Follow the instruction to test our project!
- two ipynb file (code_final.ipynb, preprocessing.ipynb)
- two original images (original1.jpg, original2.jpg)
- two preprocessed images (pic1.jpg, pic2.jpg)
- one original video (original_video.mp4)
- one preprocessed video (2.mp4)
- two txt file of facial landmarks from pic1.jpg and pic2.jpg (pzy1.txt, pzy2.txt)
- two zip file (ldm.zip, checkpoints.zip) ldm.zip contains landmarks for every frame in the 2.mp4, checkpoints.zip contains pretrained model which we will use later.

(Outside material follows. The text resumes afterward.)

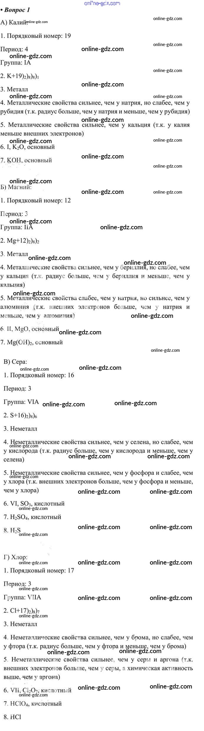Готовые домашние задания по Химии за 8 класс Учебник Габриелян, Остроумов 2021 - §33. Характеристика элемента по его положению в периодической системе 1
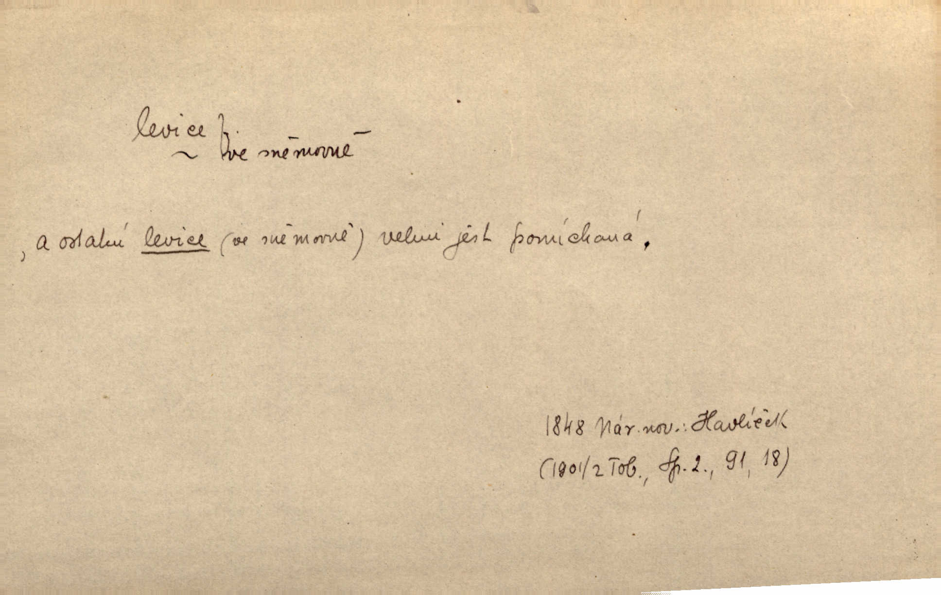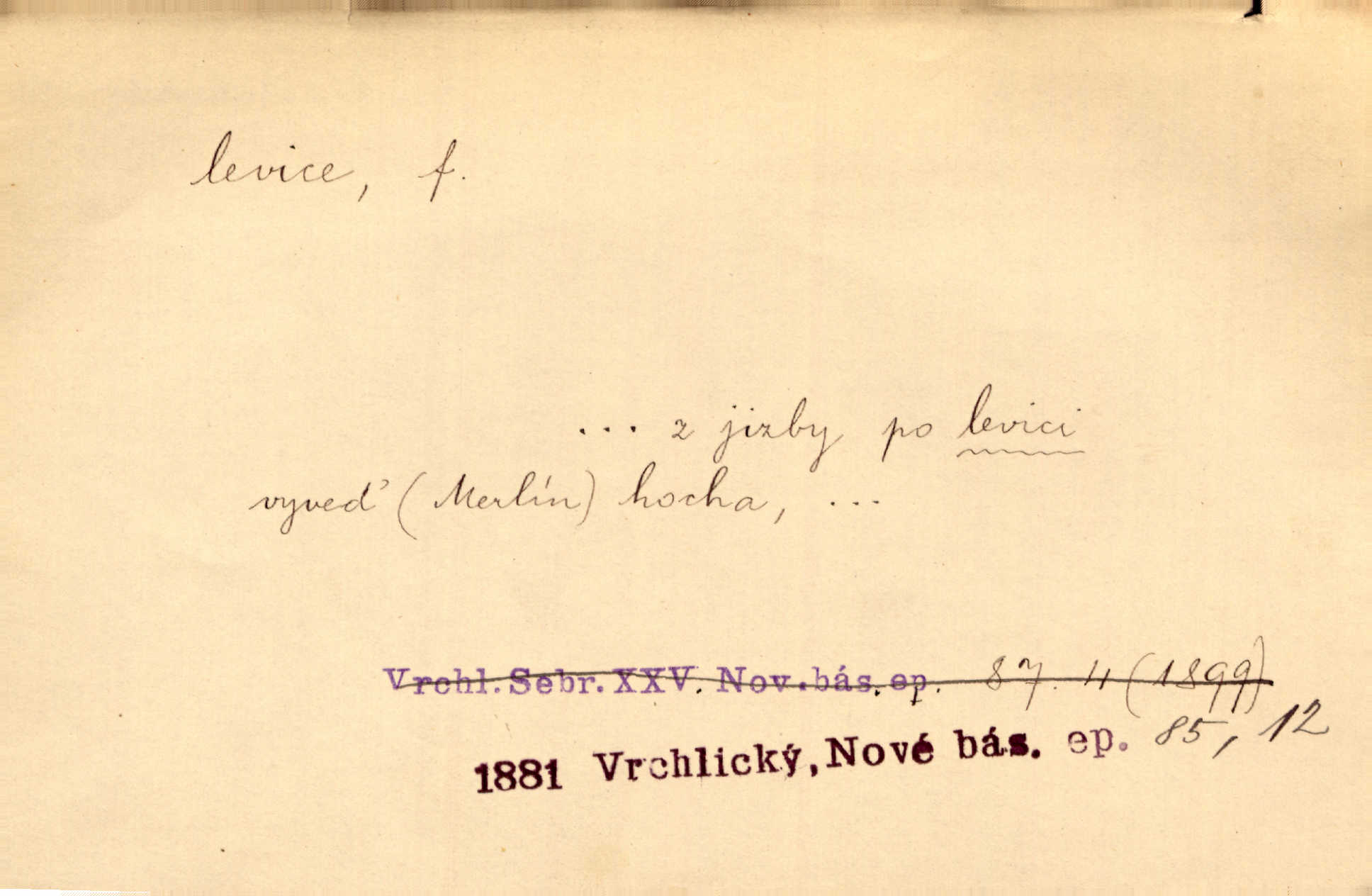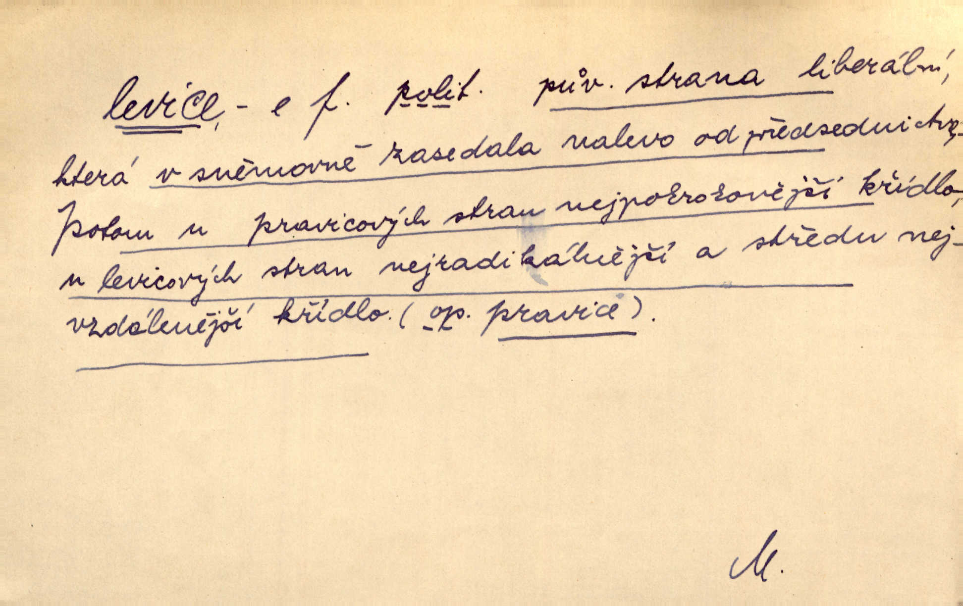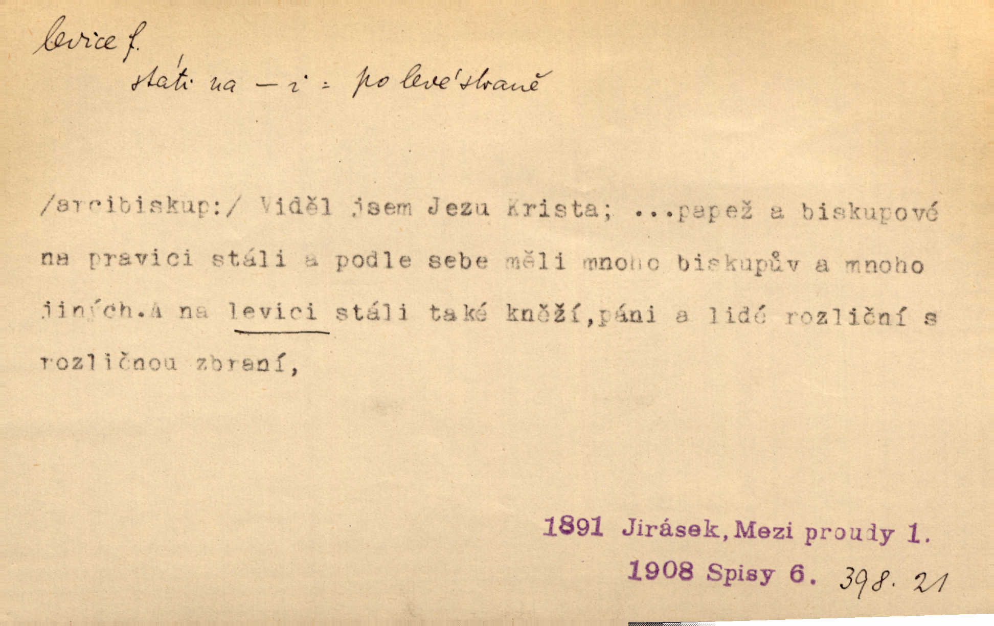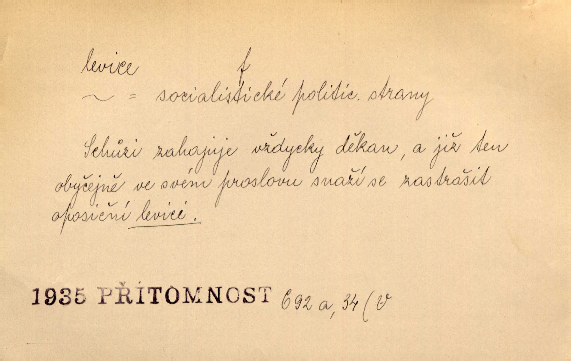 - levice, -e f. levá ruka. Levicí třímal kytičku fialek. Herrm. Má levice je v lokti chroma. Heyd. Na levici, po levici po levé ruce, na levé straně. Po levici staré paní je místo pana profesora. Šim. Po levici vroubila bílou planinu Letná. Čech. Viděl jsem Jezu Krista; papež a biskupové na pravici stáli. A na levici stáli také kněží, páni a lidé rozliční. Jir. D původně politická strana liberální, která ve sněmovně zasedala nalevo od předsednictva; nyní strany socialistické n. jim blízké. Ostatni levice [ve sněmovně vídeňské] velmi jest pomíchaná. Havl. Uzavřeli jste do voleb kompromis s krajní levicí. Mah. Levice ve studentstvu dávno ještě neprohrála. Přít. D pokrokový, radikální n. krajní směr ve vědě, umění a p. Heglova škola má svou oposiční, radikální levici. Durd. Bohumil Kubišta, malíř z levice české moderny umělecké. Šal.

*If you already have pic1.jpg, pic2.jpg, 2.mp4, ldm.zip, pzy1.txt, pzy2.txt, you can skip this notebook.
-
You can align your original images or videos, and get the facial landmark file in preprocessing.ipynb.
-
You will get pic1.jpg, pic2.jpg, 2.mp4, ldm.zip, pzy1.txt, pzy2.txt, from original1.jpg, original2.jpg, original_video.mp4.
-
In preprocessing.ipynb, first upload the original1.jpg, original2.jpg, original_video.mp4, then follow every step in the paragraph "Image Alignment", "Video Alignment", "Extract landmarks for every frame in the video", "Record the difference between the landmarks of input image and every frame".
-
Every component:
- Image Alignment: crop and rotate the original photo, and resize it to 256*256
- Video Alignment: crop and rotate every frame in the video, and resize it to 256*256
- Extract landmarks for every frame in the video: input a video, will save landmarks of every frame as txt files in a folder.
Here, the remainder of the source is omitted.